▶ [WHAT IS REQUIRED] Within the records that follow, restate exactly the lines from the line with "- Etat : SPL" down to the line with "Mona version bague", including both. Omit the pictures.

▶ [SUPPLIED MATERIAL]
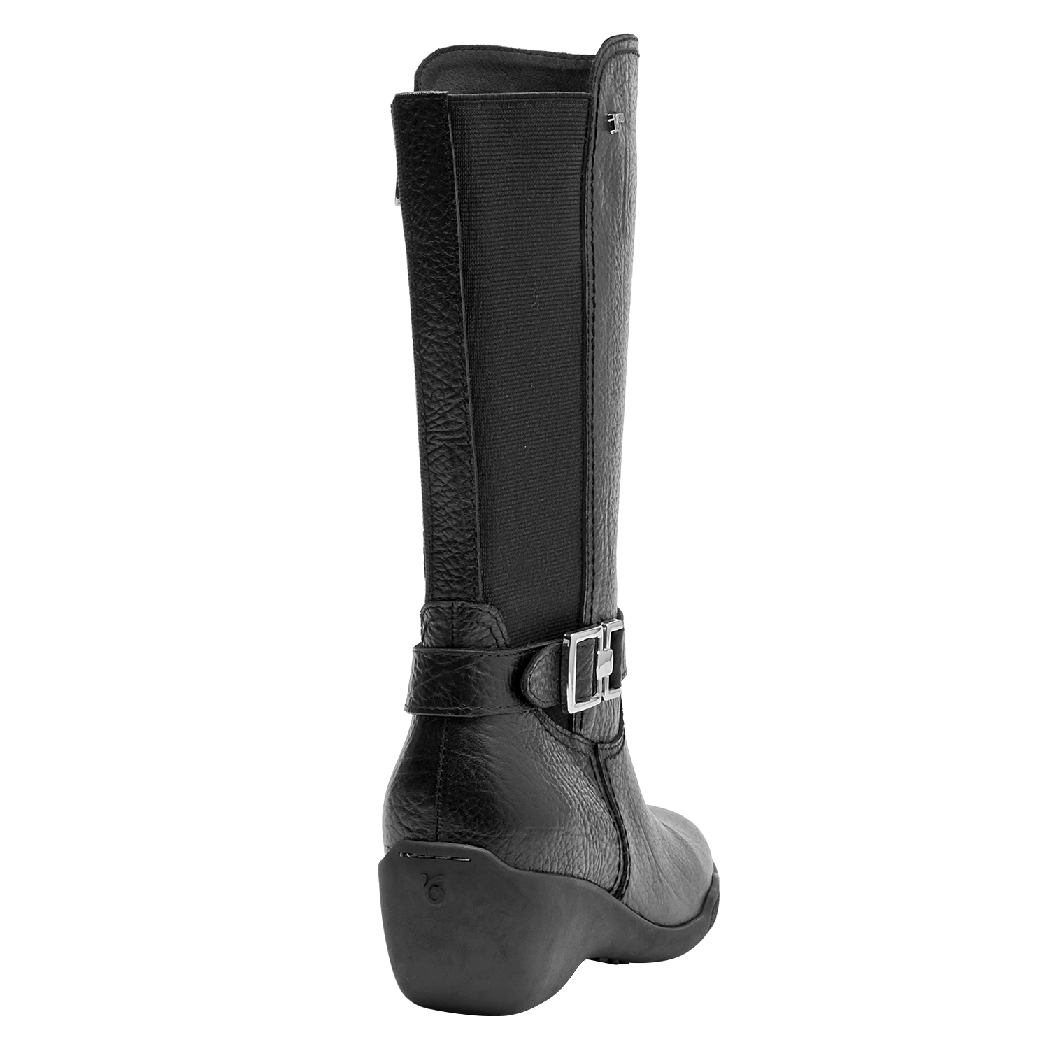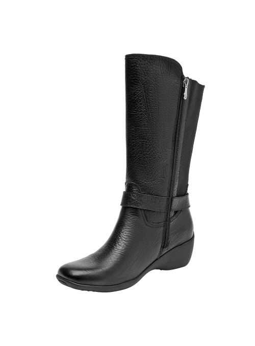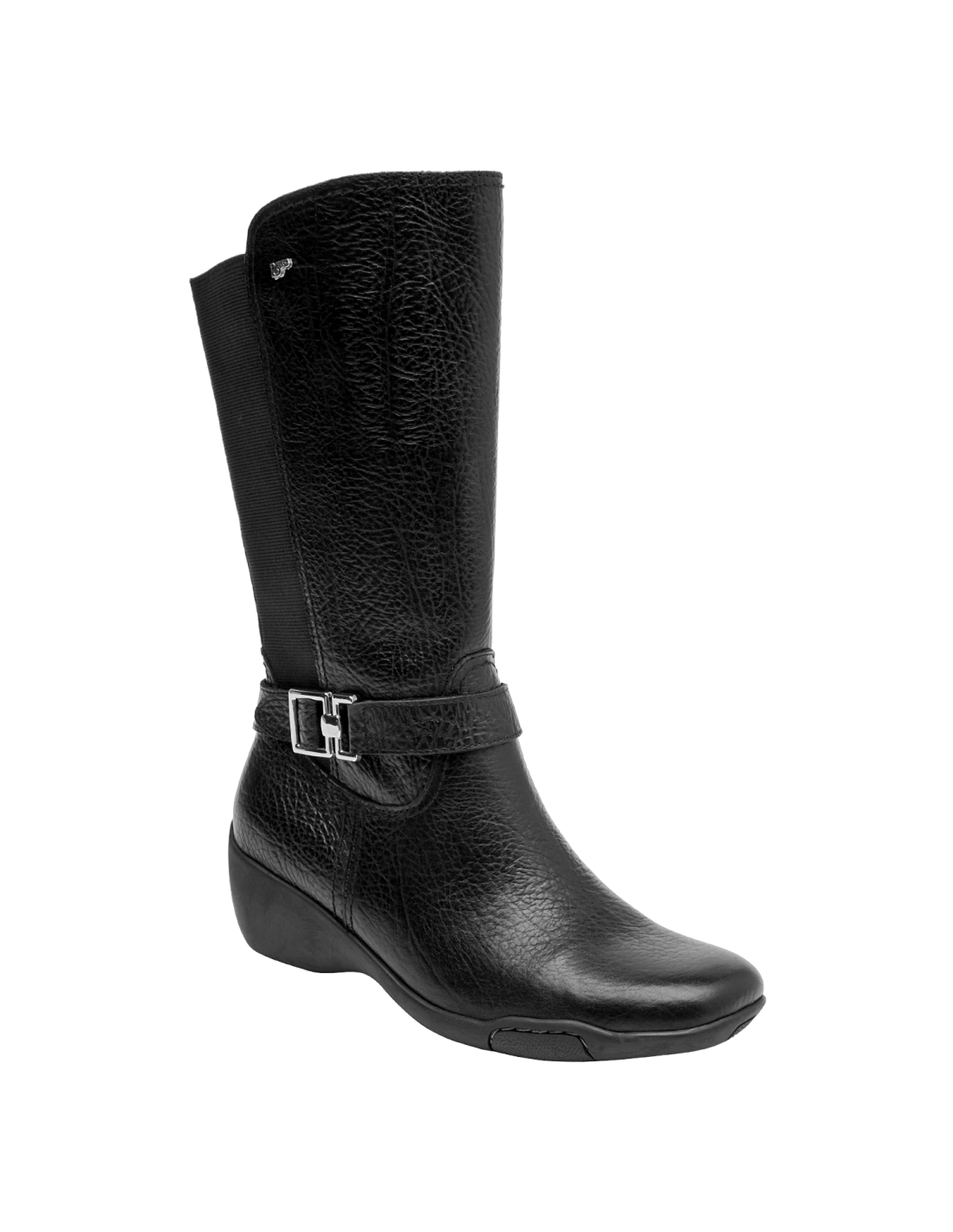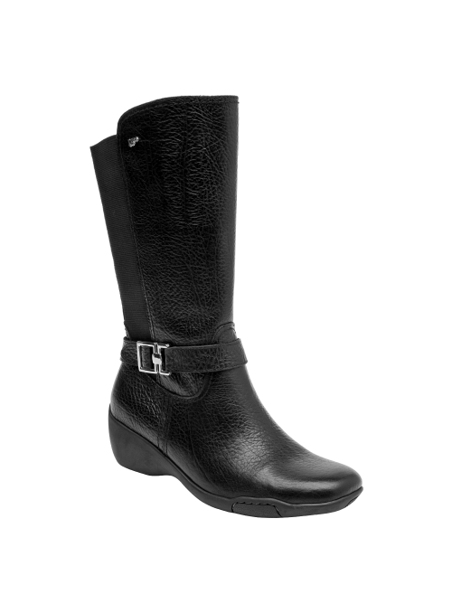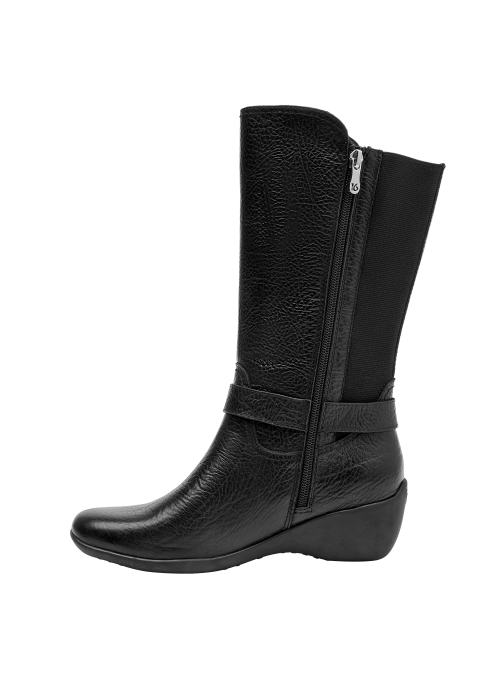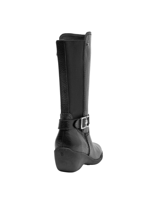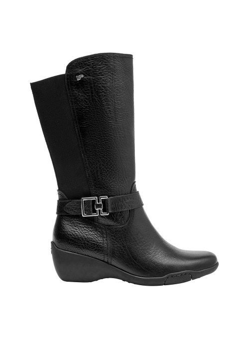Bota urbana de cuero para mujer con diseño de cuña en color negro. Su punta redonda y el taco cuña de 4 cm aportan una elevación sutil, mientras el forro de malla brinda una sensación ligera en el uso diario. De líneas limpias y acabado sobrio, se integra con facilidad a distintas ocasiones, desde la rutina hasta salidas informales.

==

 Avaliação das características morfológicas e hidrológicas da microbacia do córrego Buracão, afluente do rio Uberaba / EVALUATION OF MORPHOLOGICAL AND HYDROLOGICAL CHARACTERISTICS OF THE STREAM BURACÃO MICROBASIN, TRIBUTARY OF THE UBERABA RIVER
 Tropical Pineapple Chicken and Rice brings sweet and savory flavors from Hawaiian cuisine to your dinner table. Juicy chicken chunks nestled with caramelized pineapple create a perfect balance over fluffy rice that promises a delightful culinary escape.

* * *

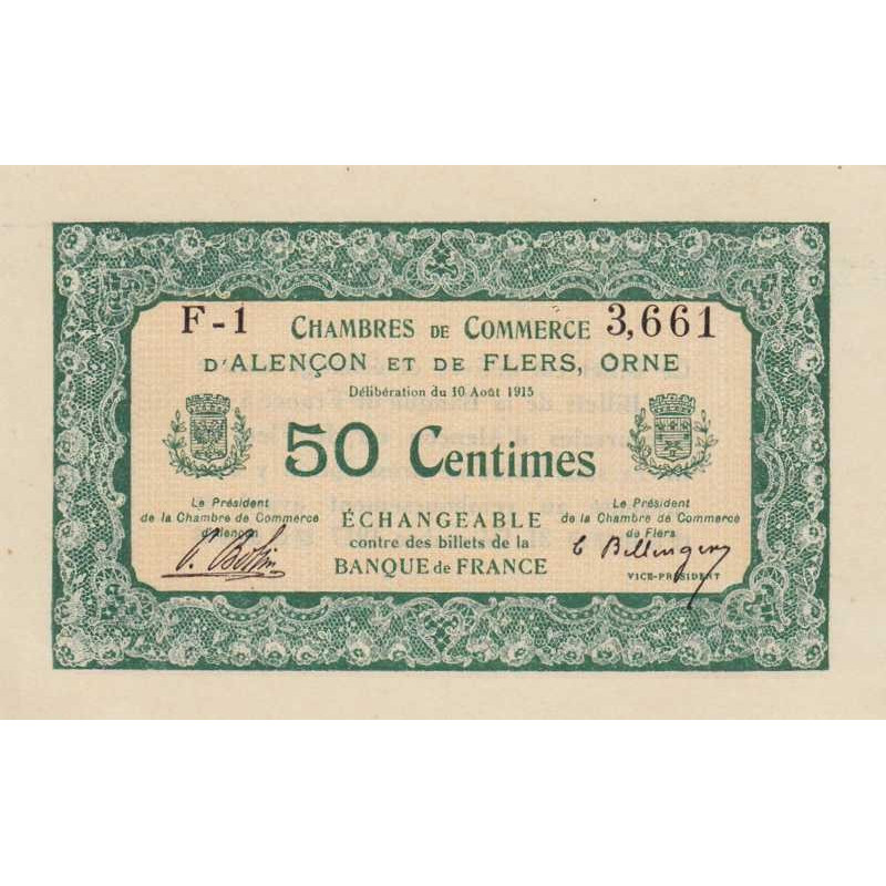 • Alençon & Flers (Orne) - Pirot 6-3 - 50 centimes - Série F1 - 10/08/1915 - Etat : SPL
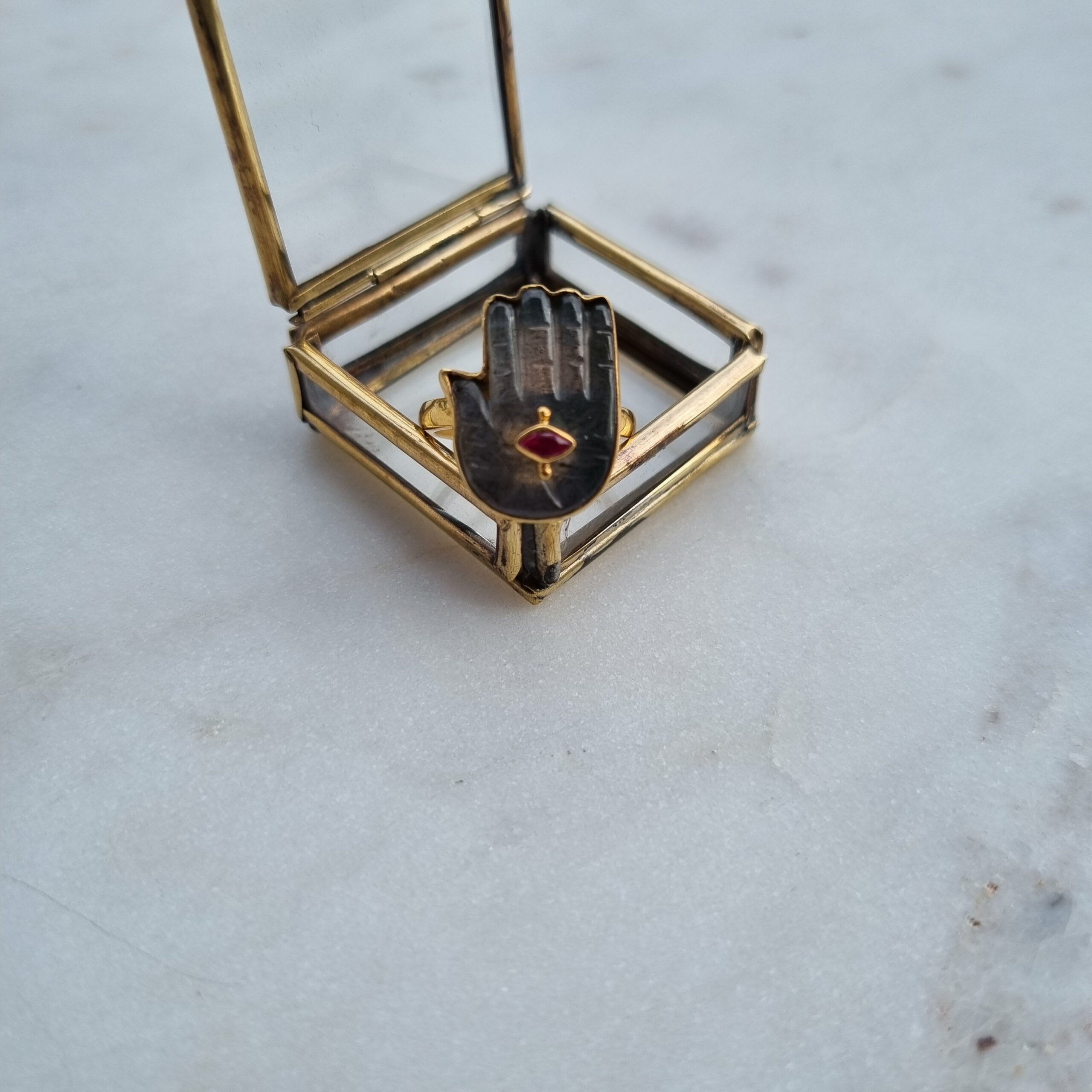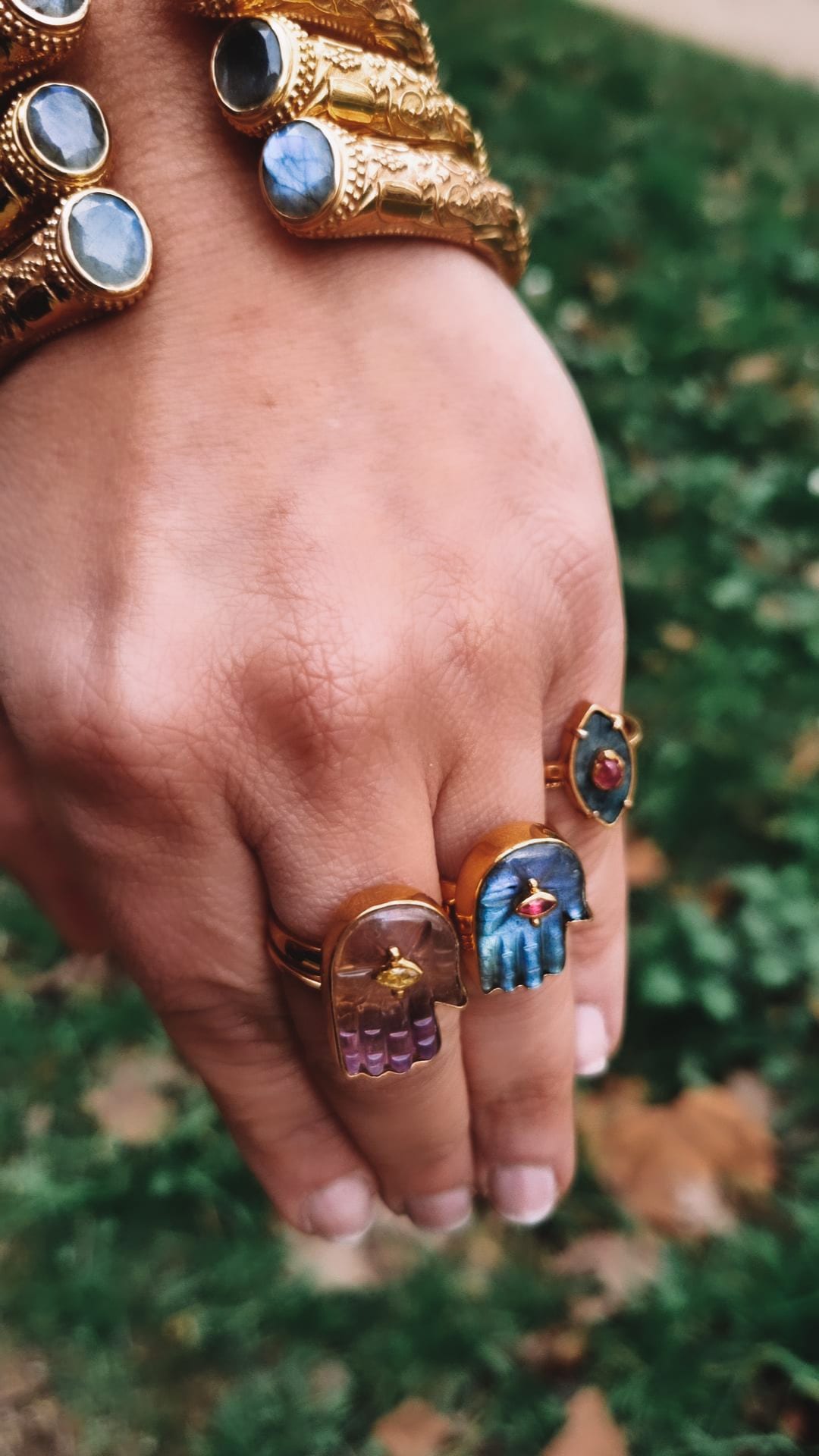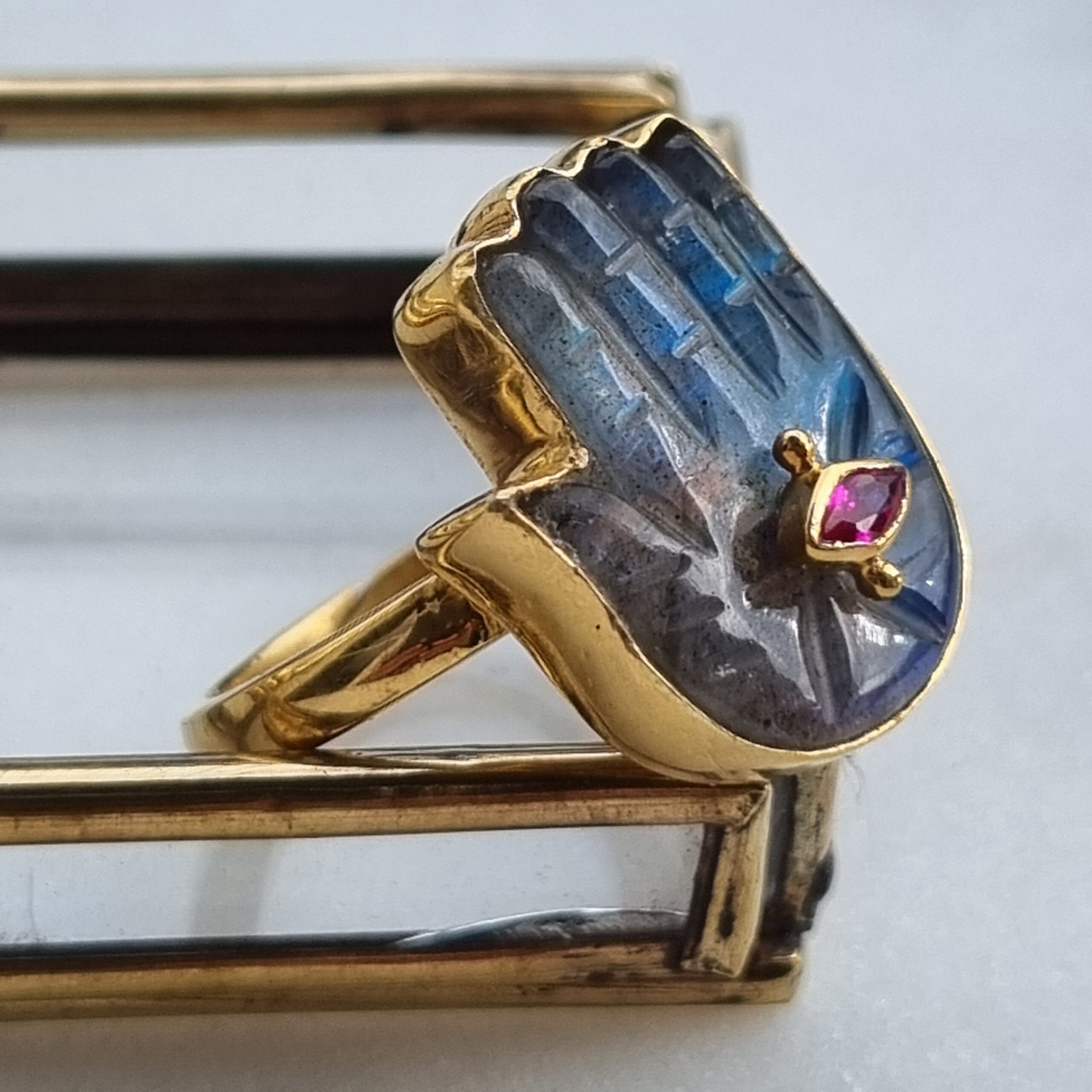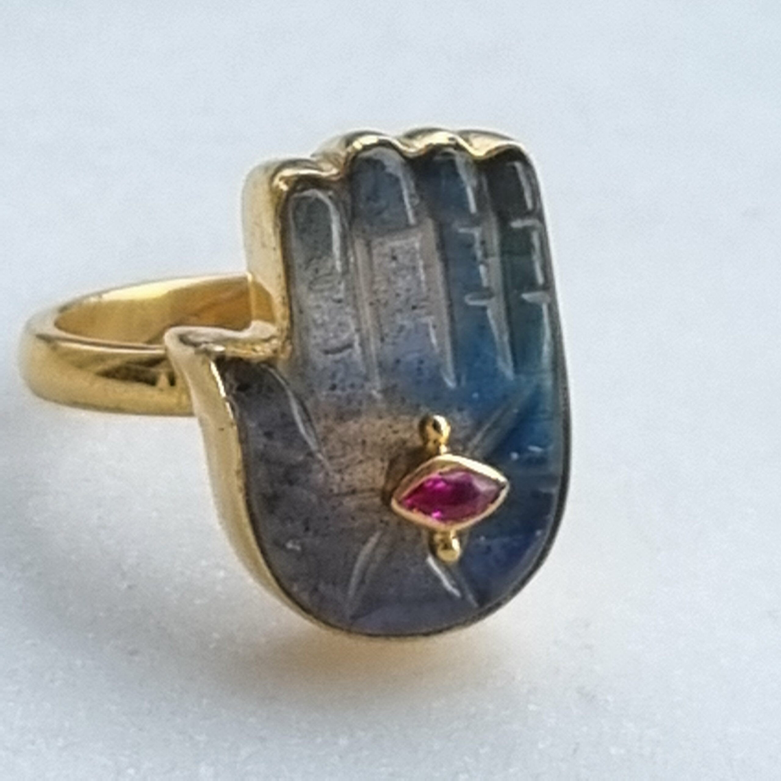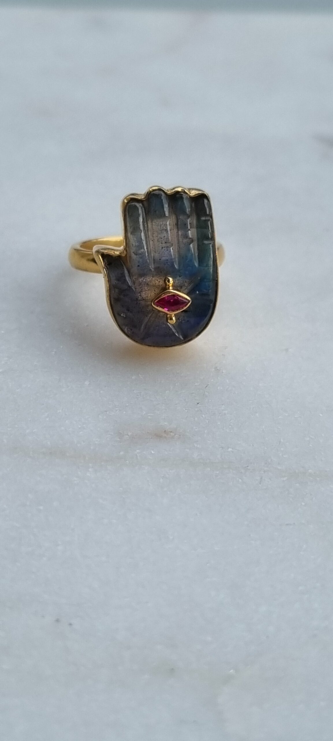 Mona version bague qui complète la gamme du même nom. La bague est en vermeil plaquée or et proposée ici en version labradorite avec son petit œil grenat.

▶ [EXPECTED OUTPUT]
 • Alençon & Flers (Orne) - Pirot 6-3 - 50 centimes - Série F1 - 10/08/1915 - Etat : SPL
 Mona version bague qui complète la gamme du même nom. La bague est en vermeil plaquée or et proposée ici en version labradorite avec son petit œil grenat.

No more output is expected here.